Speck was on the loose for the next few days, drinking and crashing in cheap hotels in Chicago. The police were always close on his tail and at one point he was interviewed by a couple of them in his room because he had a gun. They did not realise who he was, however. Eventually, he was staying in a hotel in Skid Row, the Starr. He had drunk a pint of cheap wine and, feeling suicidal, he smashed the bottle and dragged its jagged ends across his wrist and inner elbow, severing an artery. He then lay, bleeding on the bed in his tiny cubicle in the hotel, surrounded by newspapers carrying his picture. He called out for water and help, but was ignored.
Eventually, one of the down-and-outs Speck had been drinking with in the last few days recognised Speck’s picture and, having returned to the hotel, discovered him lying on the bed. He called the police anonymously to tell them where he was, but no patrol car was dispatched.
Instead, Speck was taken to Cook County Hospital, the very same hospital in which the nurses’ bodies lay. Leroy Smith, a first year resident examined Speck and thought there was something familiar about him. He washed the blood off his arm and there it was – the tattoo saying ‘Born to Raise Hell’. He found a newspaper and confirmed that it was Speck from the photo. When Speck asked for water, Smith held him tight by the neck and asked him: ‘Did you give water to the nurses?’

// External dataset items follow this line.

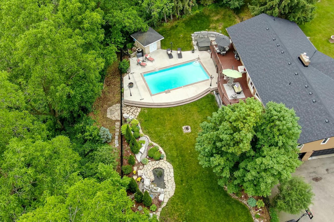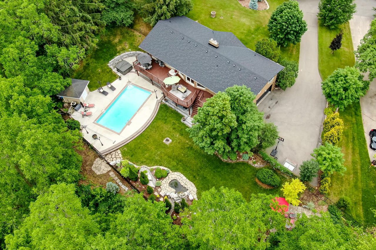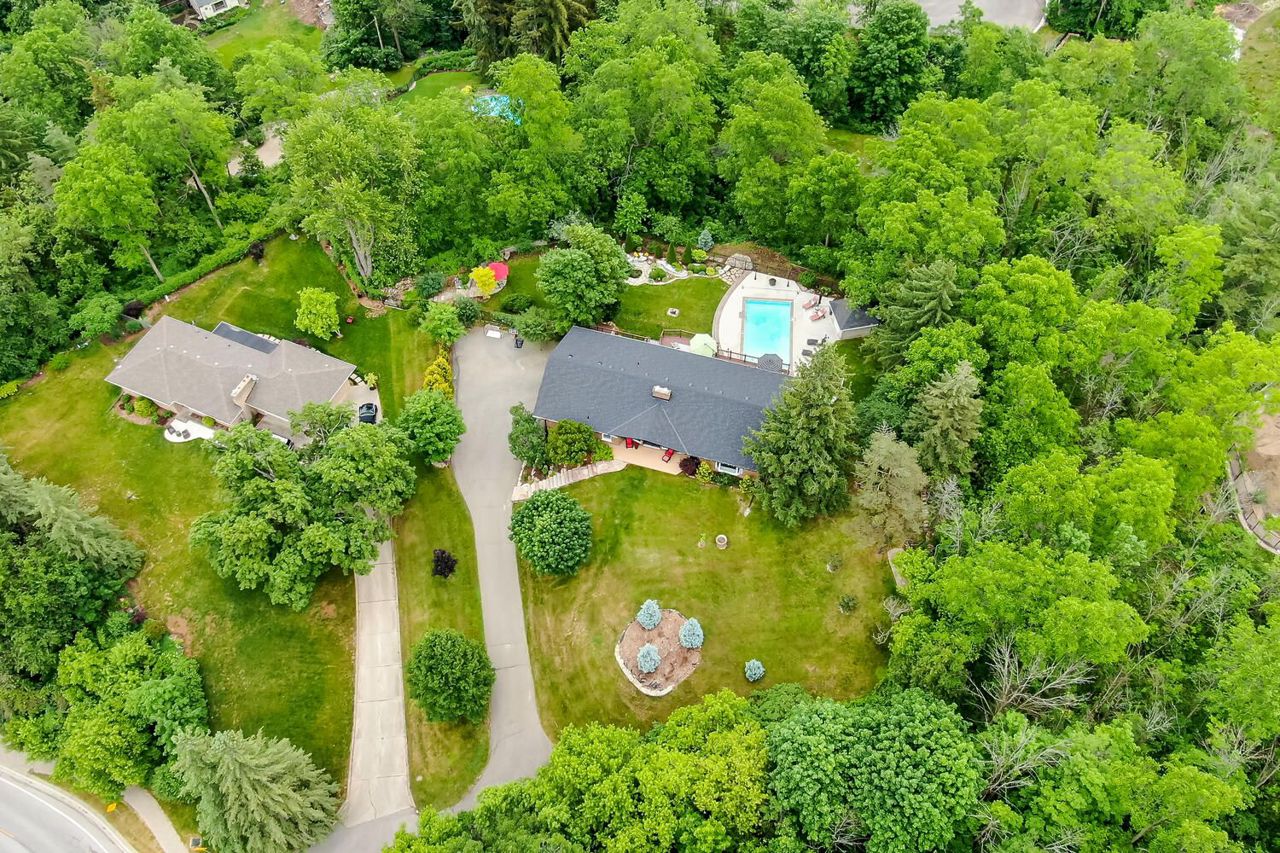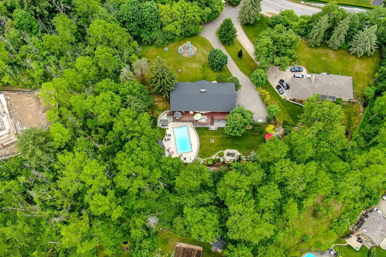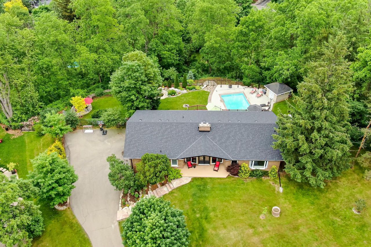 Fabulous executive ranch-style bungalow w'swimming pool on almost an acre in Glen Williams! This sprawling home is tucked up & away on coveted Wildwood Rd & features an open concept floorplan w'the beautiful kitchen having stainless steel appliances, centre island & granite counters & is open to the dining room & spacious living room that has a woodstove & offers stunning views from every window. The primary retreat boasts a lrg W/I closet & gorgeous renovated (2022) ensuite. There are 2 add'l lrg bdrms both w'lots of closet space & a pretty main bathroom. The main level has 3 W/Os to the expansive deck that adds to your living space. The bright lower level has an in-law suite w'separate entrance, kitchen, living area, bedroom & 3pc bathroom plus a huge rec room w'woodstove & W/O to a lovely covered patio where you can enjoy the yard in any weather. There is no need for a cottage w'the incredibly private resort-like backyard featuring an nground pool, tranquil pond, many quaint sittingareas to take in the breathtaking views & plenty of room to play. Located in the charming hamlet of Glen Williams: walking distance to cafes, restaurants, shops, trails & credit river with all of the conveniences of Georgetown minutes away!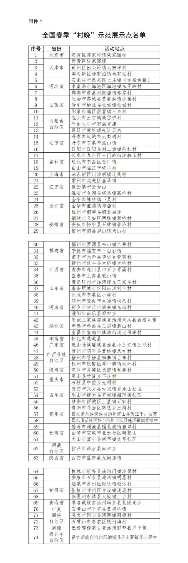 央視網(wǎng)消息:據(jù)文化和旅游部網(wǎng)站消息,根據(jù)《文化和旅游部辦公廳關(guān)于開展“四季村晚”活動的通知》(辦公共發(fā)〔2023〕52號)要求,文化和旅游部公共服務(wù)司在各省級文化和旅游行政部門申報(bào)推薦的基礎(chǔ)上,經(jīng)研究,確定春季“村晚”主會場設(shè)在四川省宜賓市、夏季“村晚”主會場設(shè)在云南省麗江市、秋季“村晚”主會場設(shè)在江西省九江市、冬季“村晚”主會場設(shè)在浙江省麗水市、廣西壯族自治區(qū)柳州市,并確定了“四季村晚”示范展示點(diǎn)名單,現(xiàn)予以公布。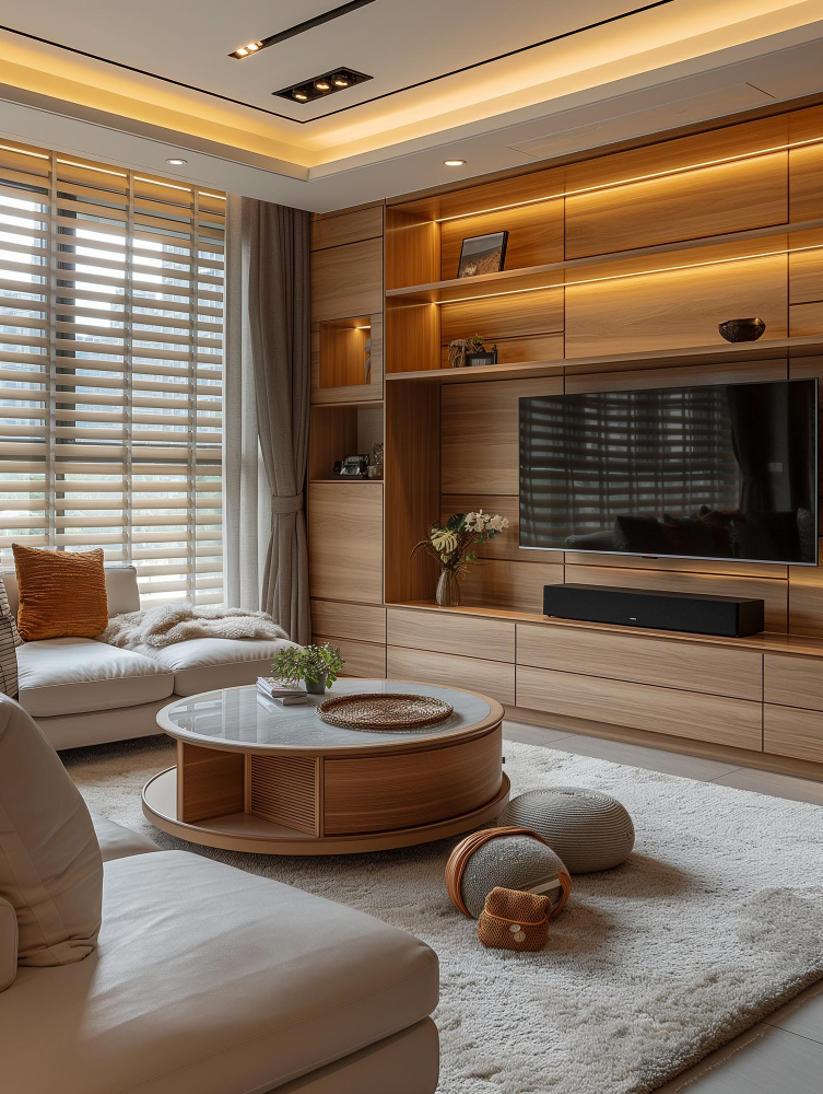 A living hall designed for comfort and style — with smart storage, a sleek TV unit, and plush seating.

The trial began on 3 April 1967, in the Peoria County Courthouse, in Peoria, Illinois, three hours south of Chicago. Cora Amurao testified at the trial and a dramatic and defining moment came when she was asked if she could identify the killer of her fellow students. She rose from her seat in the witness box, walked across the courtroom to stand in front of Speck. She pointed at him, almost touching him, and said: ‘This is the man’.
On 15 April 1967, after forty-nine minutes of deliberation, the jury found Richard Benjamin Speck guilty of all eight murders. The court was cleared and Judge Paschen sentenced Speck to death in the electric chair. He avoided it, however, when the Supreme Court declared capital punishment unconstitutional. Instead, Speck was sentenced to fifty to 100 years in prison for each count of murder – a total of 400 to 1,200 years.
In Stateville Prison, in Joliet, he was known as ‘birdman’ after the
Birdman of Alcatraz
due to the fact that he kept a pair of sparrows that had flown into his cell. He was often caught with drugs or distilled moonshine, however, and was far from a model prisoner. Punishment for such breaches never phased him. ‘How am I going to get in trouble? I’m here for 1,200 years!’ His time in prison, however, was cut short when he died from a massive heart attack on 5 December 1991.
No one claimed his body. He was cremated and his ashes were dispersed in an unknown location.